Gündem Gazetesi

Çanakkale'de Osmanlı için savaşan Mesrobian, İslam mimarisini ABD'ye taşıdı

Osmanlı ordusunda, Birinci Dünya Savaşı'nda Çanakkale dahil birçok cephede subay olarak çarpışıp madalyalar alan Ermeni asıllı Mihran Mesrobian, savaş sonrası Türkiye'den ayrılsa bile gittiği ABD'de İslam mimarisini eserlerine yansıtan bir mim

29 Ocak 2014 Çarşamba 12:33

Çanakkale'de Osmanlı için savaşan Mesrobian, İslam mimarisini ABD'ye taşıdı

ERKAN AVCI - MEHMET BAYER - Osmanlı ordusunda, Birinci Dünya Savaşı'nda Çanakkale dahil pek çok cephede çarpışan, madalyalar kazanan ve savaşın ardından ABD'ye göç eden Ermeni asıllı Mihran Mesrobian ile ilgili torununun yazdığı yüksek lisans tezi, onun, İslam mimarisini de bu ülkeye taşıdığını ortaya koydu.

Ermeni asıllı Osmanlı subayı ve mimar Mesrobian, yaşamından neredeyse 100 yıl sonra bile Türk ve Ermeni halklarının dostluğunun önemini simgeliyor.

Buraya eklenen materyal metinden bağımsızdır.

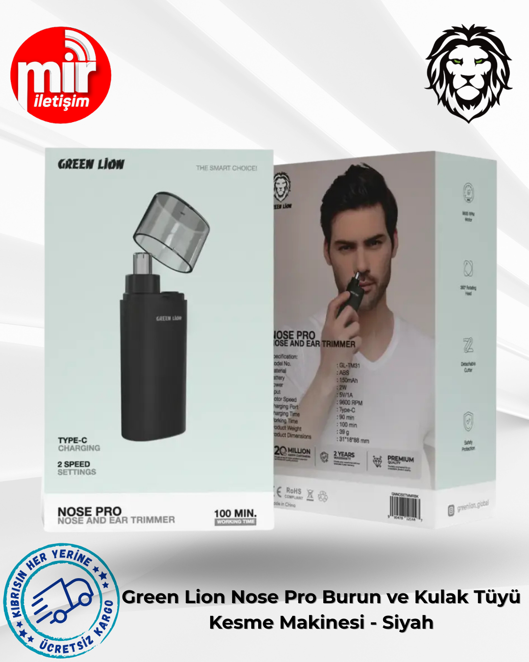 Green Lion Nose Pro Burun ve Kulak Düzeltici, kullanıcı dostu yapısını korurken, güvenlik konusunda kişiye özel ayrıntılar sunmak için tasarlanmıştır. 9600 RPM yüksek hızlı motorlar ve dayanıklı ABS malzemeden üretilmiş gövdesinde 360° dönebilen bir kafa bulunur. Kısa sürede, oldukça pürüzsüz bir şekilde düzeltebilirsiniz. Çıkarılabilir kesici, kolayca temizlik yapmanızı sağlar. Cilt tahrişini ve kazara kesikleri önlemek için bir güvenlik koruma sistemi eklenmiştir. 90 dakikalık Type-C hızlı şarj ile 100 dakikaya kadar kullanım sağlayan 150 mAh'lik kolay bir güç kaynağına sahiptir. Rahatlık ve konfor için özelleştirilmiş iki ayarlanabilir hız ayarıyla, her bireyin bakım rutini için vazgeçilmez bir makinedir.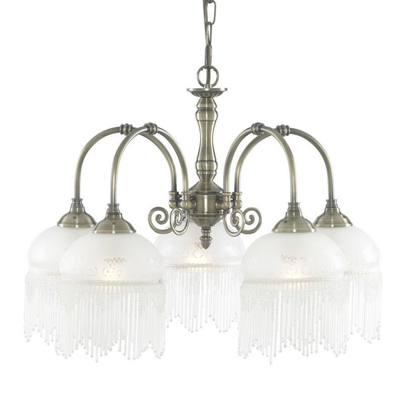 Данную люстру великолепно использовать в комнате,выполненном в стиле классика. Каркас из металла, цвет бронзовый, подвески белые, плафоны белые из стекла. Люстра имеет защиту IP20.

ABD'de yaşayan ve Türkiye'nin Washington Büyükelçiliği Rezidansının kitabının yazımında da yer alan sanat tarihi uzmanı Caroline Mesrobian Hickman, dedesinin ilginç hayat hikayesini konu alan bir yüksek lisans tezi hazırladı.

Tezde yer verilen bilgilere göre, Afyonkarahisar'da 1889 yılında doğan ve 1914'ün ekim ayında subay okulunu bitiren Mesrobian, Çanakkale Savaşları'nda 4'üncü İstihkam Bölüğünde istihkam subayı olarak görev aldı. Bunun ardından Kafkasya ve Filistin'de yine Osmanlı Ordusu için savaşan Mesrobian, Filistin Cephesi'nde İngilizlere esir düştü ve 6 ay Mısır'daki Zagazig kampında tutuldu.

O dönem Osmanlı ordusundaki başarılı çalışmaları dolayısıyla Mesrobian'a, Gümüş Osmanlı Liyakat, Gümüş İftihar ve Alman Kızılhaç madalyaları verildi.

Bugünkü adı Mimar Sinan Güzel Sanatlar Üniversitesi olan Sanayi Nefise Mektebi'nde eğitim alan Mesrobian, Dolmabahçe Sarayı'nın restorasyonu ve Beyoğlu'ndaki birçok binanın yenilenmesinde de görev yaptı.

Mesrobian, 1915 olayları sırasında büyük bir acı yaşadı. Afyonkarahisar'daki ailesi ve yakınlarından 15 kişiyi kaybeden Mesrobian, bunun etkisiyle 1921'de ABD'ye göç etti.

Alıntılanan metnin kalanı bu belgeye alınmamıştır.